Por um lado, suas preocupações não tiveram ressonância, uma vez que as características da sociedade inglesa naquele contexto estavam voltadas para a procura de mão de obra disponível para as fábricas e indústrias e não para se ocupar em um sistema educacional. A necessidade de mão de obra qualificada ainda não era uma questão central. Realidade que só foi repensada, a partir da última década do século XIX, quando a Inglaterra reconheceu sua falta de competitividade no mercado externo frente ao desenvolvimento da Alemanha e dos Estados Unidos da América.
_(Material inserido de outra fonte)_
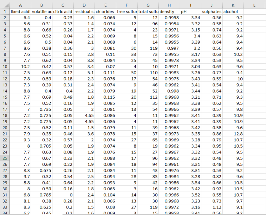 - ワインの成分に関する全ての情報(全ての残りのフィールド)をトレーニング プロセスに使用します。

A noção de desenvolvimento econômico ainda não era como a compreendemos hoje, mas sem dúvida Smith se apresenta como um bom leitor e primeiro sistematizador do funcionamento da sociedade capitalista concorrencial que estava nascendo. Também a noção de educação de Smith não é a mesma usada hoje. Educação, nos termos desse autor, é

“identificada com o ensino vocacional, treinamento, formação profissional” (FRIGOTTO, 2007, p. 37). Apesar desse aspecto, muitos autores que estudam a relação entre educação e desenvolvimento econômico e, particularmente, aqueles que tentam estabelecer as raízes da Teoria do Capital Humano costumam usar um fragmento da obra de Smith. Segundo Frigotto (2007), um dos fragmentos mais citados de Smith está no capítulo 10 do volume 1 da Riqueza

das Nações, onde ele faz menção ao fato de que um homem educado, a custo de muitos

esforços e tempo ao realizar trabalho que exige certa qualificação, poderia ser comparado com uma daquelas máquinas caras. Para Smith, o salário desse profissional será acima dos salários habituais. Tal situação compensar-lhe-á todo o custo de sua educação com, pelo menos, os lucros habituais de um capital igualmente valioso.